=== Problem to solve ===
An exact copy is needed of the lines in the entries below from the line with "瀑水從斧削狀絕壁上的溶洞奪口" up to and including the line with "Dự án bao gồm", and of nothing else. Leave the pictures out.

=== Provided information ===
╔══

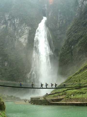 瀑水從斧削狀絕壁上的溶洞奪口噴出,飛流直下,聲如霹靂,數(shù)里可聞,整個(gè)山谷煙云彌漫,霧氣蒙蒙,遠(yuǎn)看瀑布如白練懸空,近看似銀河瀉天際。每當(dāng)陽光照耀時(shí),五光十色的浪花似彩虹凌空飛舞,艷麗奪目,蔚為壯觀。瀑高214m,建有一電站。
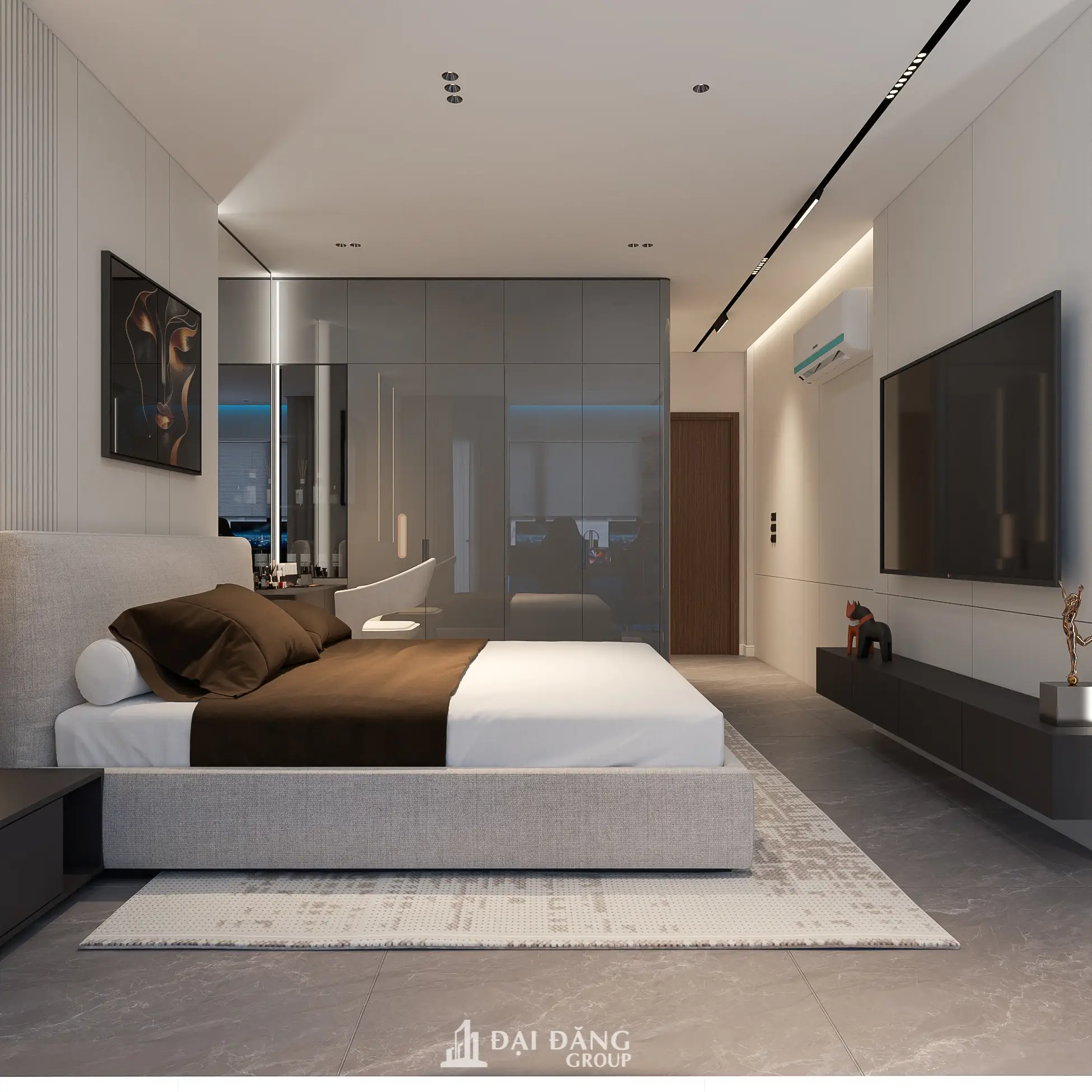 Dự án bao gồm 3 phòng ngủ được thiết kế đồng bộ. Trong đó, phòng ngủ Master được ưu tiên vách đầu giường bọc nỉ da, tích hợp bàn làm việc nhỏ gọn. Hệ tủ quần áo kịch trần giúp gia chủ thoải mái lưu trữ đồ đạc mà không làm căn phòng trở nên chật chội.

╚══
╔══

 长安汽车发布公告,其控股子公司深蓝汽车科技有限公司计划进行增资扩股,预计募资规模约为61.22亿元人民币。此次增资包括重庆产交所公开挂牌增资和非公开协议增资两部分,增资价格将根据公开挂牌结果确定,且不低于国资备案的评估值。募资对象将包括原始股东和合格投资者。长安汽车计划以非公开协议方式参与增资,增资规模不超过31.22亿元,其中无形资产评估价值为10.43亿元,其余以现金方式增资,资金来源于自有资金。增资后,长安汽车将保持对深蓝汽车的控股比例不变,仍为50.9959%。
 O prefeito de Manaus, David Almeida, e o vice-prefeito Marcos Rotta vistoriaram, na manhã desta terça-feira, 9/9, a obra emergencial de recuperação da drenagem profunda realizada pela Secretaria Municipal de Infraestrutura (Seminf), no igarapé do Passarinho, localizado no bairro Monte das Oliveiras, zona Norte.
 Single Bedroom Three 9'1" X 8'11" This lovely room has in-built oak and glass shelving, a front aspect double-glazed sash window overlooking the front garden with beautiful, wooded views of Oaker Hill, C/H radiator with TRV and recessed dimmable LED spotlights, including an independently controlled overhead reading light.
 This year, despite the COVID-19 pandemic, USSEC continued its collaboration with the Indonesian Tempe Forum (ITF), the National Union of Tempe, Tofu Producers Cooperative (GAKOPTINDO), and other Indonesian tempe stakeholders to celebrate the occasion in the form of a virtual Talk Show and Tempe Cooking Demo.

╚══
╔══

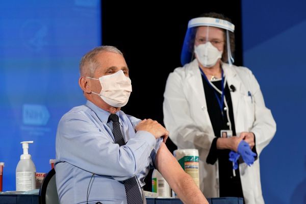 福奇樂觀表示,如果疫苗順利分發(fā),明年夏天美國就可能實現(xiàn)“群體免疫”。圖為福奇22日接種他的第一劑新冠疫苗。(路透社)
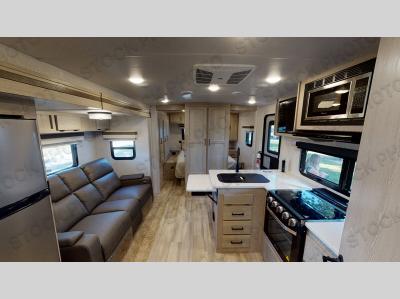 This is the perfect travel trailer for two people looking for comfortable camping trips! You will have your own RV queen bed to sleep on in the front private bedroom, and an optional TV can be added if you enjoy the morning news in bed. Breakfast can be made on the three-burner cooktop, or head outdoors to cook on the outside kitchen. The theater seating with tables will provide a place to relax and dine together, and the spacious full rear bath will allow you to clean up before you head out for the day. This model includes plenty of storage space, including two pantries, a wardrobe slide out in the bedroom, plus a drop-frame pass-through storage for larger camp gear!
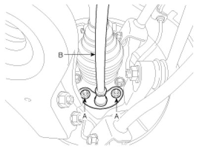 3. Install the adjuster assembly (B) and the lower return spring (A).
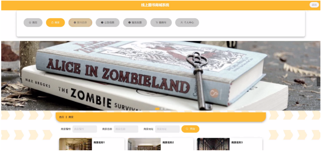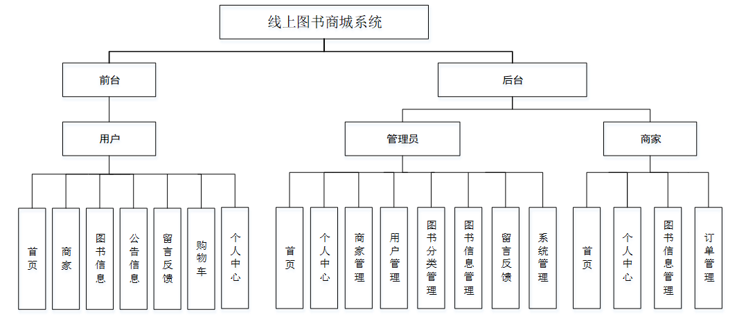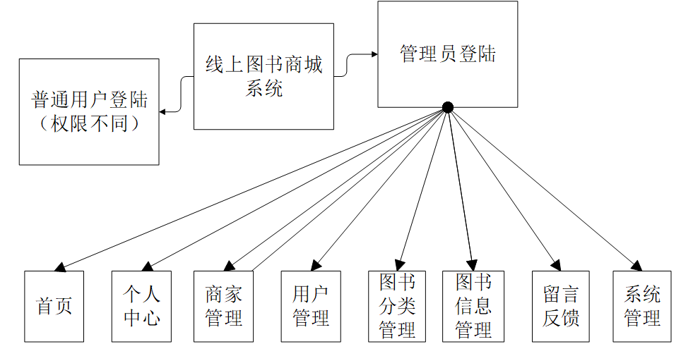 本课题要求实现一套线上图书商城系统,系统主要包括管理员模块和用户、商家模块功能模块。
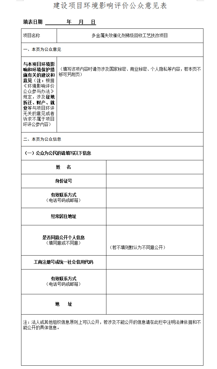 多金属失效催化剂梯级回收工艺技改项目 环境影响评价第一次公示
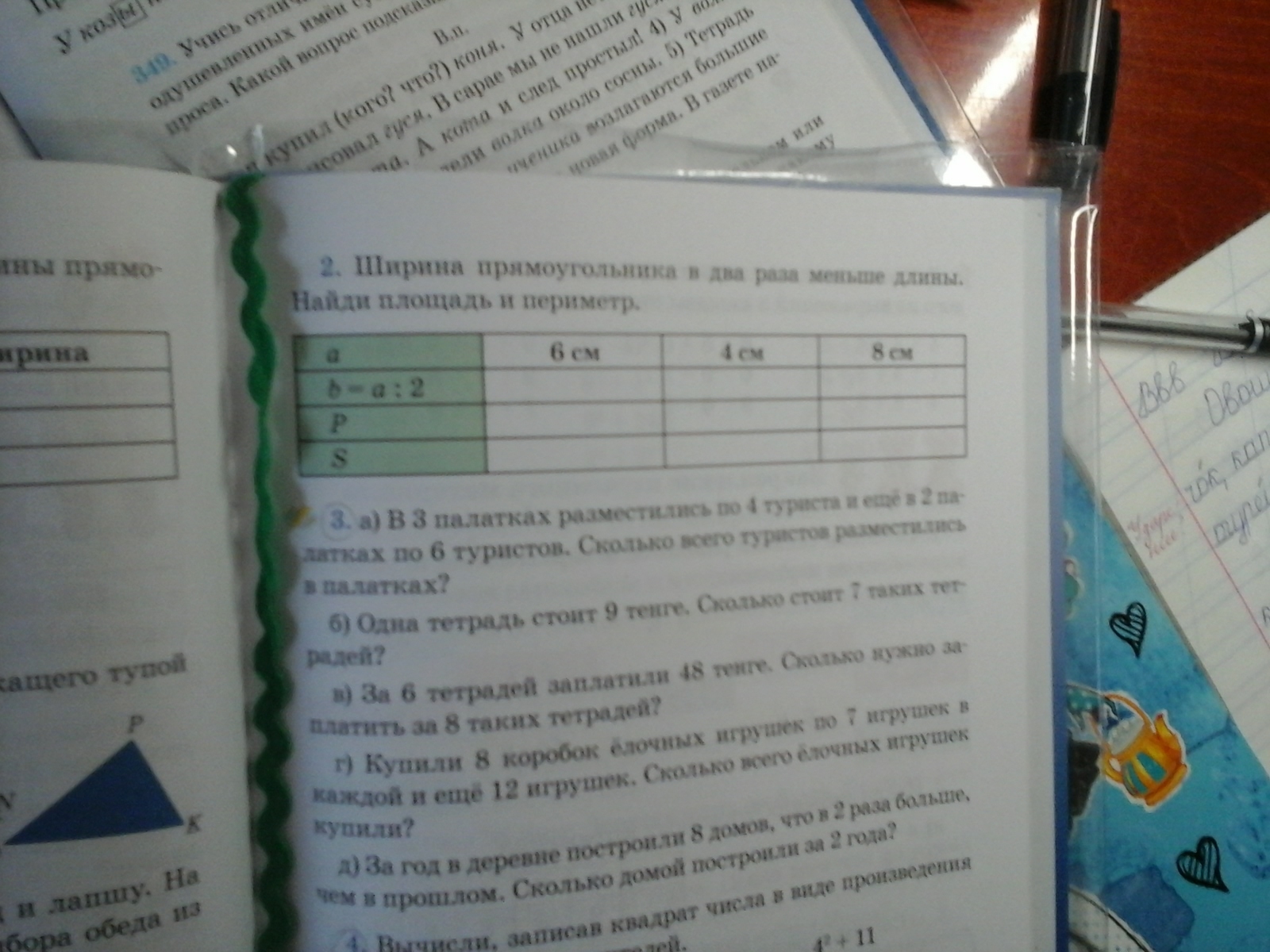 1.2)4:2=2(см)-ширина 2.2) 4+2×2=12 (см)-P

╚══

=== Written response ===
 瀑水從斧削狀絕壁上的溶洞奪口噴出,飛流直下,聲如霹靂,數(shù)里可聞,整個(gè)山谷煙云彌漫,霧氣蒙蒙,遠(yuǎn)看瀑布如白練懸空,近看似銀河瀉天際。每當(dāng)陽光照耀時(shí),五光十色的浪花似彩虹凌空飛舞,艷麗奪目,蔚為壯觀。瀑高214m,建有一電站。
 Dự án bao gồm 3 phòng ngủ được thiết kế đồng bộ. Trong đó, phòng ngủ Master được ưu tiên vách đầu giường bọc nỉ da, tích hợp bàn làm việc nhỏ gọn. Hệ tủ quần áo kịch trần giúp gia chủ thoải mái lưu trữ đồ đạc mà không làm căn phòng trở nên chật chội.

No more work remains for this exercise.